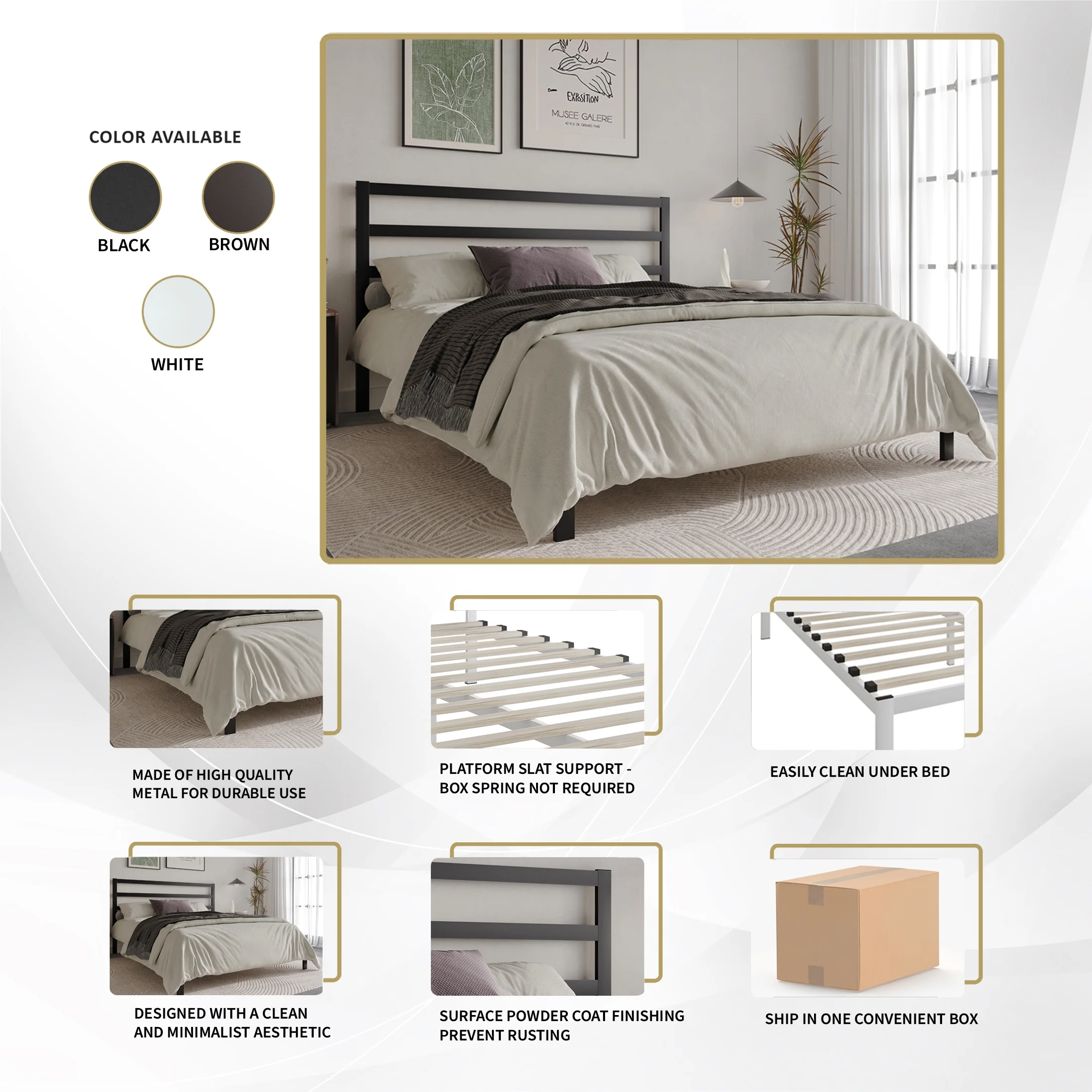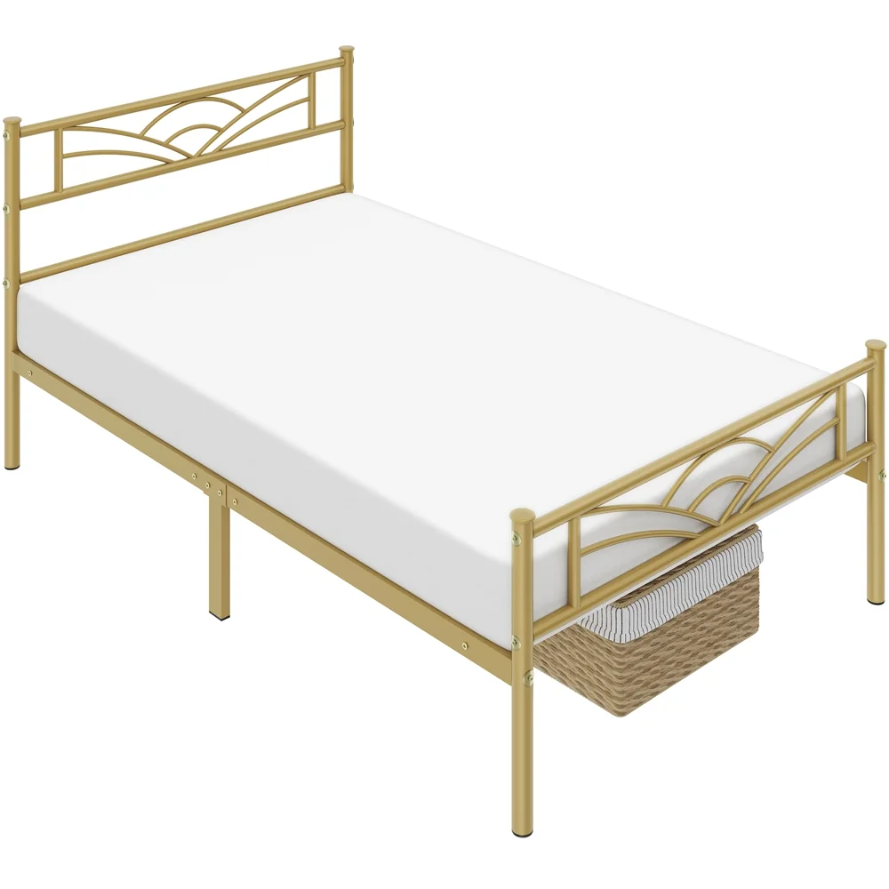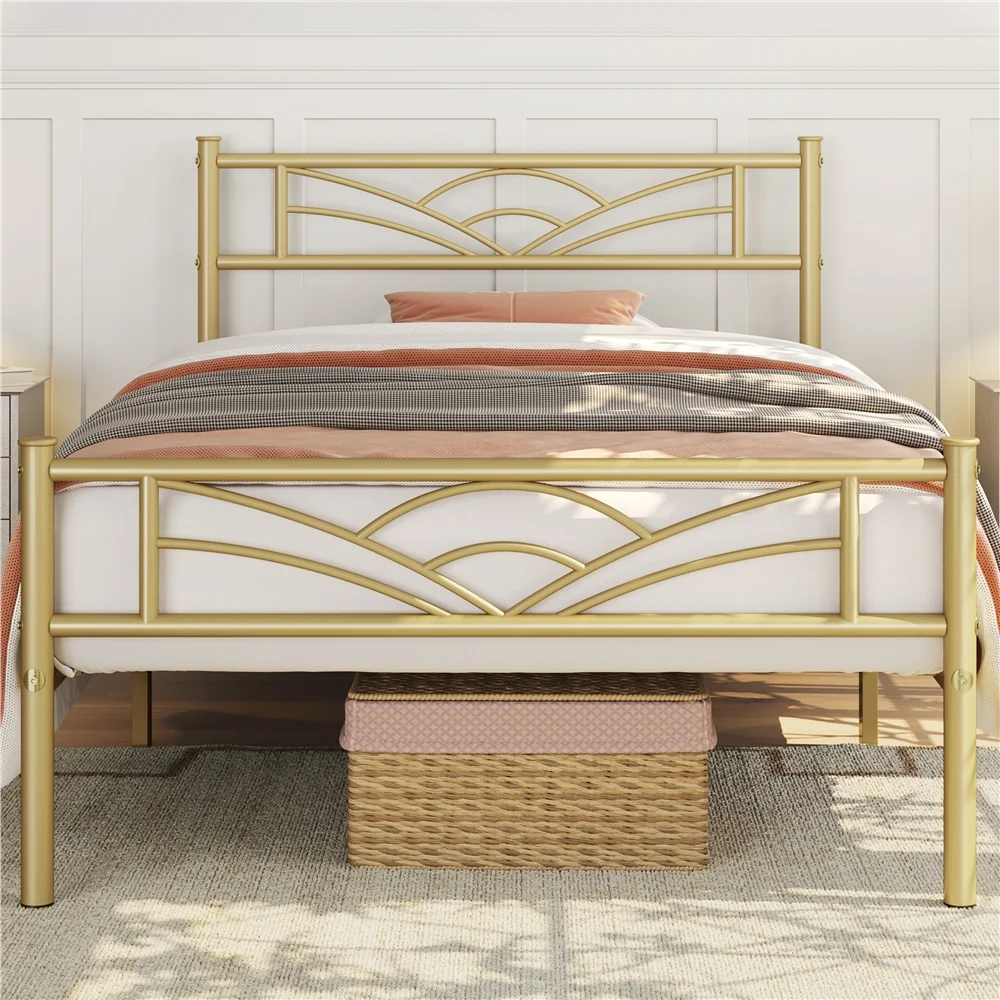 Easyfashion Cloud-Inspired Design Metal Platform Bed, Twin, Antique Gold
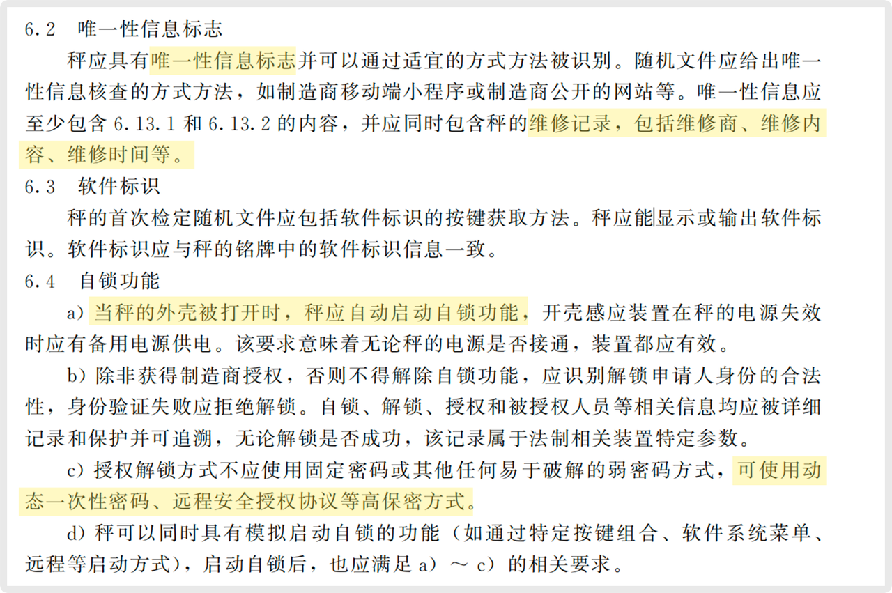 此項(xiàng)要求意味必須在硬件層面具備“非法開殼即觸發(fā)鎖死”的功能。任何試圖打開外殼以改裝的行為,都將導(dǎo)致設(shè)備無法使用,解鎖必須通過官方授權(quán)的動態(tài)密碼完成。這從物理根源上終結(jié)了“鬼秤”的制造途徑。
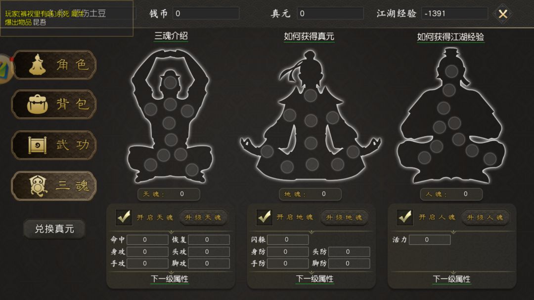 1、三魂聚鼎:天魂、地魂、人魂,分别对于角色加点属性为加命中和攻击、加防御和闪避、加人物活力。(三魂的升级需要江湖经验,江湖经验可以根据玩家打怪或者练功获取,满级武功可兑换对应的江湖经验)
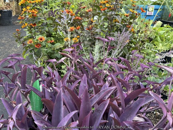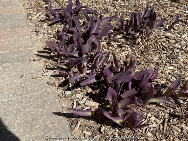 Purple Heart (Setcreasea / Tradescantia pallida 'Purple Heart') is the most versatile plant in out library: it can be an annual, perennial, patio plant, house plant, or hanging basket in wet or dry soil in full shade or full sun. It can handle growing in standing water or bone dry. In dry soils, it shows no drought stress, continuing to grow with a deeper purple shade. In moist soils, this plant will grow rapidly. In shade, the foliage becomes more greenish but still looks attractive. In Kansas, it is usually grown as an annual. Brilliant purple leaves contrast small pink flowers in the summer! Plants will quickly fill an annual bed with bright purple color all summer til first hard freeze. In the ground, it is possible to overwinter these in the ground in Kansas by placing a 6-8" mound of mulch over deeply planted rhizomes. Not sure what's easier, buying and moving that much mulch or replanting in spring?: you decide. If growing as a potted plant and trying to overwinter, allowing the foliage to frost is ok, it will not kill the root system. However, do not allow the pot with rootball to freeze solid or go below 20 degrees for more than a few hours. Allow to go dormant as needed with little care, just cut off dead foliage and place back out in April or May with a time-release fertilizer. Many plants will die back slowly and remain attractive inside for most of the winter. Purple heart plants have no insect, disease or animal pests. Botanical name has recently changed from Setcreasea to Tradescantia. A variegated form is also available. This plant survived in our Lawrence, KS display garden down to -16 degrees F and a week of single digit highs in February, 2021 with mulch.
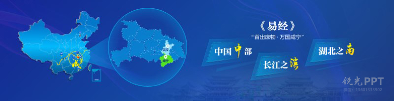 PPT設計,書法字體和咸寧風景圖的搭配使用,凸顯了咸寧人杰地靈,精確地圖形繪制,更好地展現了咸寧的區位優勢。

→ **What needs to be done**: For this task, return exactly the stretch of the listing above from the line with "此項(xiàng)要求意味必" through the line with "1、三魂聚鼎:天魂、地魂、人", inclusive and without pictures.

→ **Answer space**:
 此項(xiàng)要求意味必須在硬件層面具備“非法開殼即觸發(fā)鎖死”的功能。任何試圖打開外殼以改裝的行為,都將導(dǎo)致設(shè)備無法使用,解鎖必須通過官方授權(quán)的動態(tài)密碼完成。這從物理根源上終結(jié)了“鬼秤”的制造途徑。
 1、三魂聚鼎:天魂、地魂、人魂,分别对于角色加点属性为加命中和攻击、加防御和闪避、加人物活力。(三魂的升级需要江湖经验,江湖经验可以根据玩家打怪或者练功获取,满级武功可兑换对应的江湖经验)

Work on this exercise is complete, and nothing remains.